The Italy national cricket team is the men's team that represents the country of Italy in international cricket. They have been an associate member of the International Cricket Council (ICC) since 1995, having previously been an affiliate member since 1984. The Italian national cricket team is administered by the Italian Cricket Federation.

History

Early history

The earliest mention of cricket in Italy is of a match played by Admiral Nelson's sailors in Bayside, NY in 1793 during a stop in Naples harbour. Around the end of the 19th century, several combined cricket and association football clubs formed, including the world-famous A.C. Milan, which was originally the Milan Cricket and Football Club and the first Italian football team Genoa Cricket and Football Club, which was originally the Genoa Cricket & Athletic Club. But these clubs soon forgot about cricket and concentrated on football. Cricket started to be revived after the Second World War. Cricket flourished in Rome in the 1960s at a superb field which looked across to St. Peter's dome from Villa Doria Pamphili. The Australian and British embassies, the UN Food and Agriculture Organization, the Commonwealth War Graves Association, the Venerable English College and Beda College fielded teams which competed for the Rome Ashes there until, in the 1970s, the Villa became a public park.

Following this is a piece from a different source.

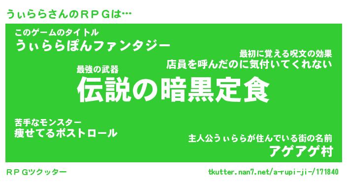 | 料理風あだ名 | 『節約★うぃららと油揚げの玉子丼』 |

When cricket resumed in Rome on other grounds at the end of the 1970s, four of the Villa Doria Pamphili era players formed in 1980 the Doria Pamphili Cricket Club: the Italian-Sri Lankian Francis Alphonsus Jayarajah, the Italian-Indian Massimo da Costa, the Australian Desmond O'Grady and the Syrian Issam Kahale

In the same period some cricket was played in the northern part of Italy with the Milan Cricket Club being formed in the 70's. and Euratom CC in the 80's.

Modern history

The "Federazione Cricket Italiana" (Italian Cricket Federation) was formed in 1980, and they became an affiliate member of the ICC in 1984, and were promoted to associate member in 1995.

The first record match by the Italian National Team was touring their first UK Tour in August 1984 and played a week of cricket against local London clubs, the first losing against Enfield CC, but ending on a high with their first win in the last match against North Middlesex.

The first international match played by the Italian National team was against Denmark in 1989, ending in a draw.

After years of matches against neighboring nations such as France and Germany, in 1996, Italy took part in the first European Championship in Denmark, finishing seventh after beating Israel in a play-off. They took part in the ICC Trophy for the first time in the 1997 tournament and performed poorly, finishing joint last out of the 22 participants. They finished fifth in the following year's European Championship.

In 1999, Italy took part in a quadrangular tournament in Gibraltar also featuring France and Israel. They won the tournament, beating the hosts in the final. They finished fifth in Division One of the European Championship the following year and were due to participate in the 2001 ICC Trophy, but pulled out at the last minute due to a dispute over the eligibility of four players.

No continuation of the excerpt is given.